Neutrinos are doubly elusive: not only do they hardly interact with anything, including detectors, but they also shapeshift. 

Bowles was lead on the Soviet-American Gallium Experiment (SAGE), a government-to-government collaboration launched in 1987 to figure out what was going on with the Homestake experiment’s data. As it turns out, the Sun was behaving as expected; the neutrinos were playing tricks. SAGE data showed that something was happening to solar neutrinos after production and before detection that caused the detected number to be lower than expected. Scientists proposed that the data could be explained by oscillation—neutrinos changing between flavors as they raced through space.  

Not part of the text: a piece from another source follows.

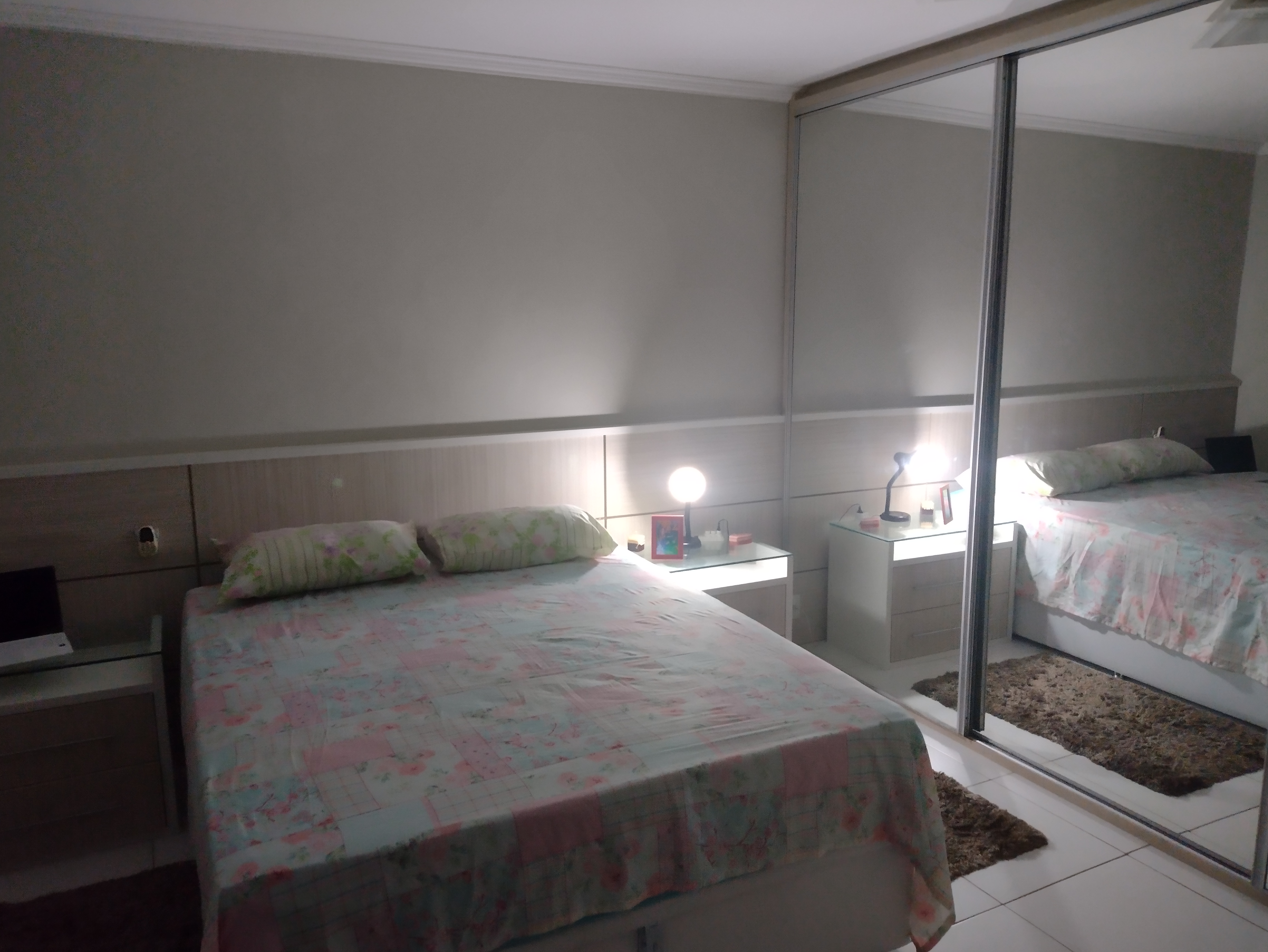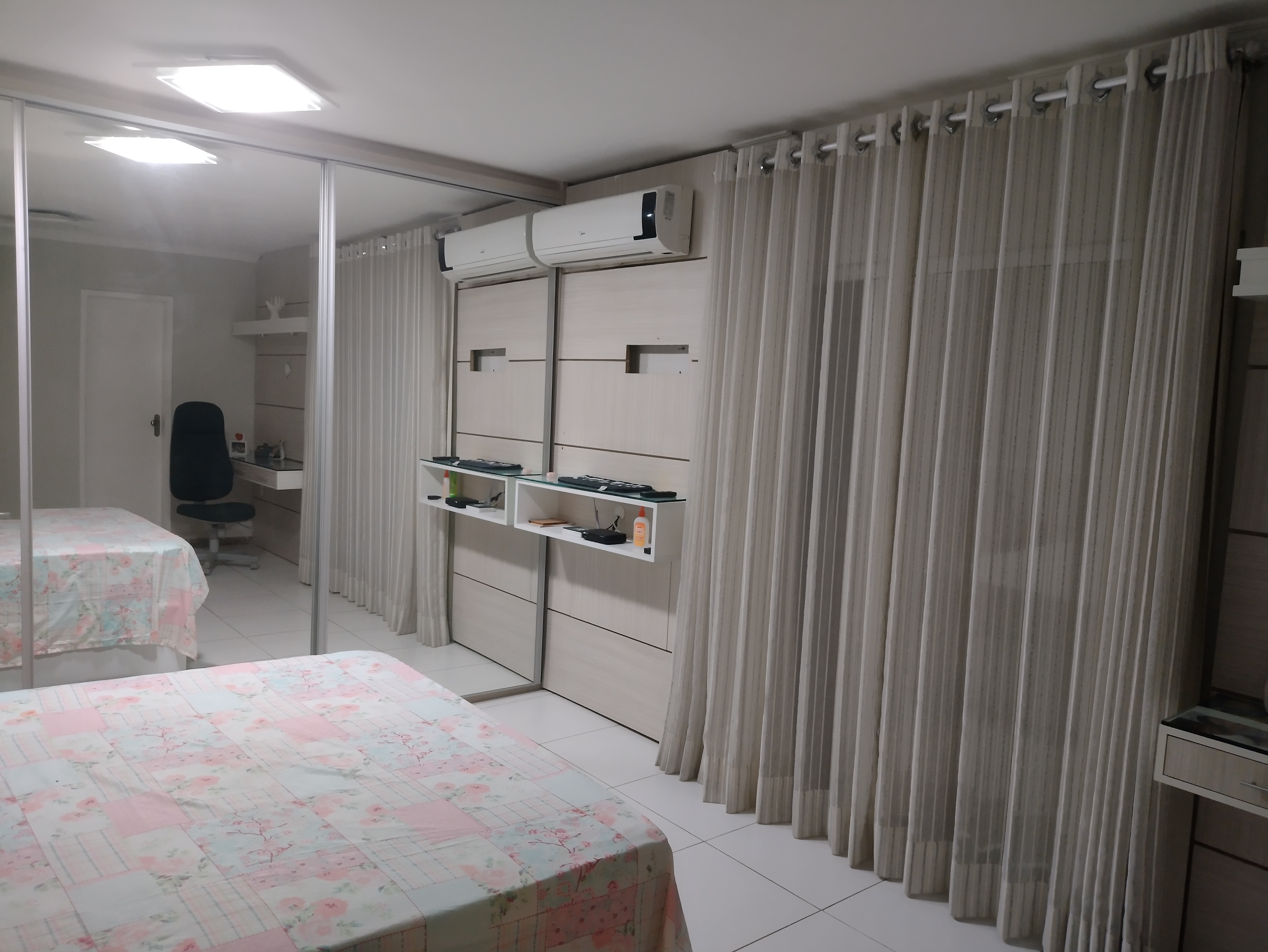 * Três quartos, todos com ar condicionado, sendo dois com sacada e um quarto com suíte, totalizando quatro banheiros;

This would mean neutrinos are doubly elusive: not only do they hardly interact with anything, including detectors, but they also shapeshift. “It’s like a ghost in a white coat enters a room then suddenly the coat flips to black,” laughs Bowles. 

Catching the ghost 

Known physics was breaking down in the 1920s, and the neutrino fixed it. Physicists studying radioactive decay of atomic nuclei were seeing data that violated the principle of energy conservation. They theorized an undetected particle with specific properties—electrically neutral and nearly massless—that would make sense of the data. Inventing an invisible thing to precisely fill a specific gap was, they admitted, a desperate remedy. But once a new theory was drafted that included the neutrino, suddenly the math worked and the data made sense—the cosmic books were balanced. 

Known physics was breaking down in the 1920s, and the neutrino fixed it. 

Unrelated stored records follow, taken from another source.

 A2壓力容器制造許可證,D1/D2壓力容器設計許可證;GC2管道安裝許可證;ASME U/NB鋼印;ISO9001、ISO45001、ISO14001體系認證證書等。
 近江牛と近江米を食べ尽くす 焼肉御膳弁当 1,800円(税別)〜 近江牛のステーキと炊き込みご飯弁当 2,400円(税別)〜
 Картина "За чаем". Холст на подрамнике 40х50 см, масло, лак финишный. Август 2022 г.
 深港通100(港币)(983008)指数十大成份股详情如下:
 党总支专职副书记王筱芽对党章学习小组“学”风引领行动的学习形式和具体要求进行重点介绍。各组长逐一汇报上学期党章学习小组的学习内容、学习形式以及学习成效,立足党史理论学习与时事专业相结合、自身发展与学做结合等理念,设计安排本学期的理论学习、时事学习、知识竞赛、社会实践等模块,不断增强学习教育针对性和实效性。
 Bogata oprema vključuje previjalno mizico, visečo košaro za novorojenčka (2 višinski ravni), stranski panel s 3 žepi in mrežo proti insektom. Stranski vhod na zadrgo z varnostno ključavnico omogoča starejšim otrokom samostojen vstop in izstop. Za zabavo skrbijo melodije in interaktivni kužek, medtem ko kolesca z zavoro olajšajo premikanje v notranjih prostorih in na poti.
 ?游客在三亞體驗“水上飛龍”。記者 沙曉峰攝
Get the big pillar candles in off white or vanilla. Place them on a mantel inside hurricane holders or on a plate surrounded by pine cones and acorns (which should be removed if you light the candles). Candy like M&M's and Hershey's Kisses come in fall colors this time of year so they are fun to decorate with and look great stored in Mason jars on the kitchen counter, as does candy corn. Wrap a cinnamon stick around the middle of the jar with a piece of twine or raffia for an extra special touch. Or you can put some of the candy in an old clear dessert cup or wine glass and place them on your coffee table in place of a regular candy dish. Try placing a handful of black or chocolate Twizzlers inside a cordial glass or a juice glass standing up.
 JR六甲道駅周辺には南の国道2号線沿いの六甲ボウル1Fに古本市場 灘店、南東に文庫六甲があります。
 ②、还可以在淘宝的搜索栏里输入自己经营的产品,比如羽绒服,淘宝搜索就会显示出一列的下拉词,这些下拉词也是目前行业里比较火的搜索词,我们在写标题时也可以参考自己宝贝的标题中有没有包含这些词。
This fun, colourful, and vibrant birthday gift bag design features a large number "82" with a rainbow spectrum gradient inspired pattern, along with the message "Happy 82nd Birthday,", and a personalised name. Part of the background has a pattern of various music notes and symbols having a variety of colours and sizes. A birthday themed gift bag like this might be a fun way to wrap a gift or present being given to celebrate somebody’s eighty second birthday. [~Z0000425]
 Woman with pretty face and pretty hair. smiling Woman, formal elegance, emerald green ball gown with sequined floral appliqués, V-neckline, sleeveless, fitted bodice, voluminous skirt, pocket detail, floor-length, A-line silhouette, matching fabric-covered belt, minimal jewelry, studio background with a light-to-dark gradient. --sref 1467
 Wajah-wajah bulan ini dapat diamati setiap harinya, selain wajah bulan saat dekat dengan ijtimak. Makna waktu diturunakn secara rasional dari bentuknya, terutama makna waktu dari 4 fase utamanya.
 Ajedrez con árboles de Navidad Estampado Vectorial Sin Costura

Just because neutrinos fit the data did not make them real. Neutrinos, if they existed, were predicted to interact so weakly that tens of quadrillions would need to pass through a detector before just one was detected. At Los Alamos in the 1950s, nuclear weapons and nuclear reactors were central areas of research, either of which, reasoned Lab physicists Fred Reines and Clyde Cowan, might produce enough neutrinos to catch one. Reines and Cowan explored both areas and in the end took a custom-built detector to the nuclear reactor at South Carolina’s Savannah River Plant in 1956, and made the catch. Specifically, they detected electron antineutrinos—the antiparticle of the electron neutrino, whose very existence proved the existence of the other. Cowan passed away in 1974, and Reines received the Nobel Prize in Physics in 1995 for their discovery. 

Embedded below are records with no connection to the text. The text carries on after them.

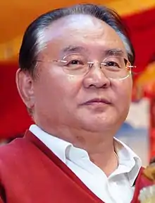 Rinpoche was a regular speaker at conferences around the world, addressing topics such as Buddhism in the modern world, death and dying, meditation and happiness. In 2004, he served as a keynote speaker at the Parliament of the World's Religions, where over 8,000 religious leaders and lay people gathered in Barcelona in Spain to discuss the issues of religious violence, access to safe water, the fate of refugees worldwide, and the elimination of developing countries' debts.[22] In August 2008 he joined Robert Thurman at the Aspen Institute in Aspen, Colorado, to speak about "Tibet’s Unique Buddhist Heritage" as part of a symposium called "His Holiness the Dalai Lama at Aspen: A Celebration of Tibetan Culture", organized jointly with the Conservancy for Tibetan Art and Culture.[23] In October 2010 he gave a keynote speech on "Tibetan Buddhism in Modern Western Culture" at the International Conference on Tibetan Buddhism held at Emory University.[24] In 2011, he was a keynote speaker and participant in the Global Buddhist Congregation in Delhi which brought together "religious, spiritual and world leaders, as well as 800 scholars, delegates and observers from 32 countries."[25] "The goal was to examine both the capacity and the resilience of Buddhism to engage with the most pressing concerns of the modern world, namely violence, social and economic disparity, environmental degradation and discord between and within communities and nations" and "to contribute to cultivating and fostering peace, harmony, co-existence and a shared responsibility amidst the diversity of cultures, communities and nations."[25] In 2012, he was a keynote speaker at the Happiness and Its Causes conference in Sydney.[26]
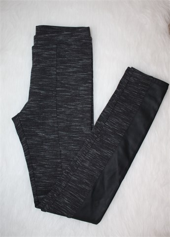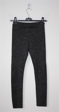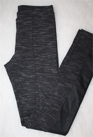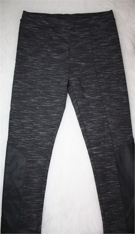 H&M tajice prošarano sive boje, sa prednje strane detalji od umjetne kože (skaj) crne boje. Gumica u struku (prilagodljiva širina - vidjeti mjere), rastezljive.
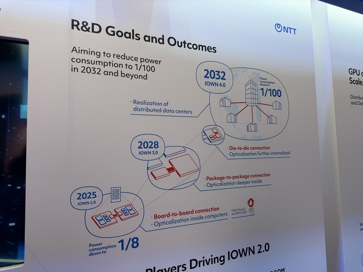 2025年には「IOWN 2.0」としてサーバーのボード間を光で接続する技術を開発し、これによって消費電力を大幅に削減できることを確認した。さらに先のロードマップとして、「IOWN 3.0」ではパッケージ間の光接続に向けた開発を進めている。
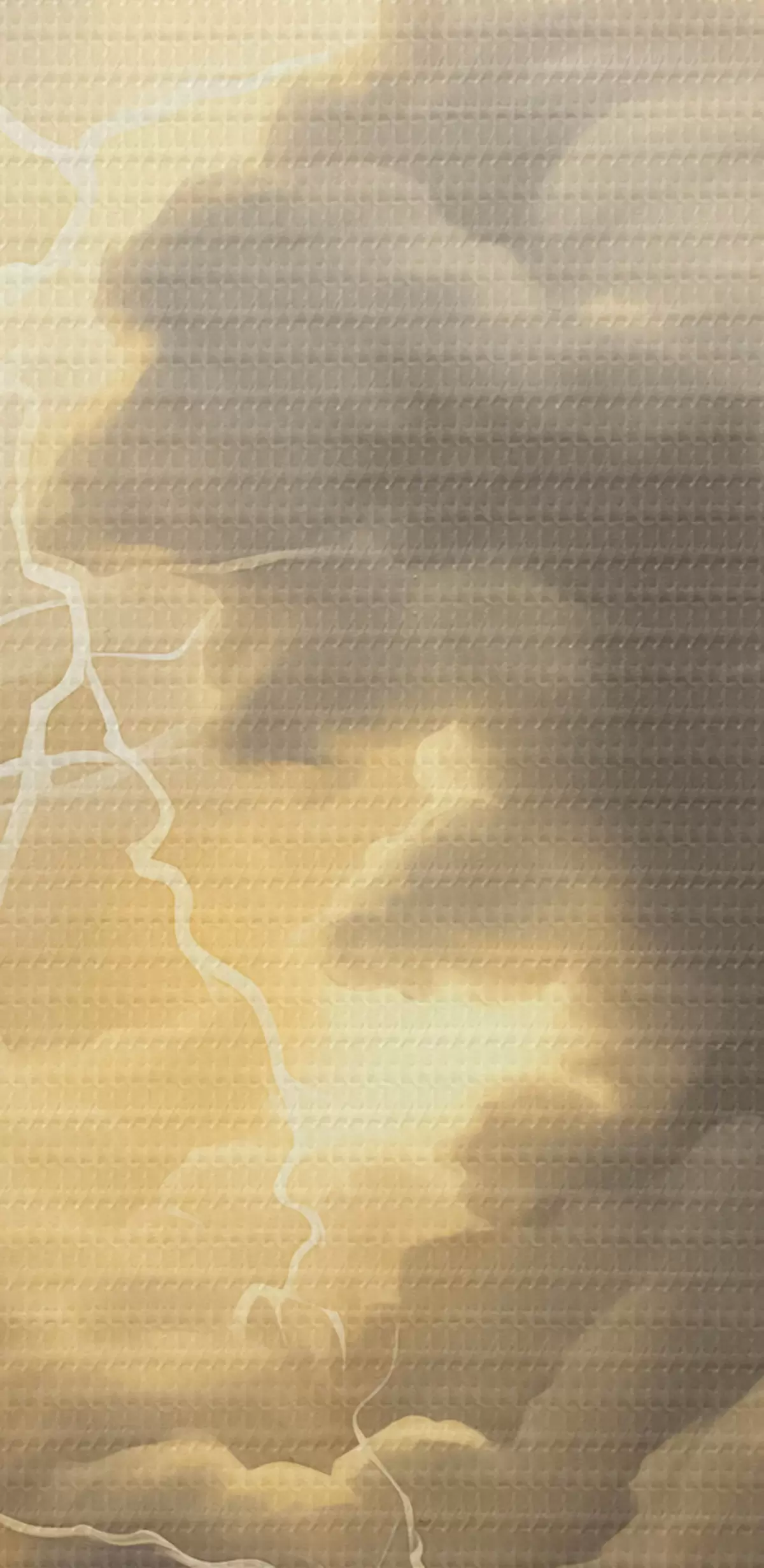 Selle lõuendi peenike niidipunus meenutab professionaalse kunstniku lõuendi pinda.

Once neutrinos were real and scientists had ways to detect them, more specific questions could be pursued, like what is their miniscule but non-zero mass? Neutrino mass experiments do not weigh neutrinos directly; they set limits. Tiny distortions in the data indicate where observations deviate from what would be expected with massless neutrinos, pointing to upper limits of mass, rather than precise values.  

However, in the 1980s, Soviet scientists reported a measured mass—not just an upper limit—of the electron neutrino to be around 26 electronvolts (eV). The claim shook the neutrino community and threatened to rewrite cosmology. If true, it would “close the universe,” meaning it would ascribe enough mass and energy to the universe to eventually halt its expansion and reverse it. Los Alamos scientists, including Bowles and his colleague Hamish Robertson, another physicist, made their own measurements using gaseous tritium. (The Soviets had used tritium too but as part of a complex molecule rather than a simple gas.) The Los Alamos team came back with a maximum mass of less than 9.3 eV—far below the claimed measurement and not enough to close the universe. 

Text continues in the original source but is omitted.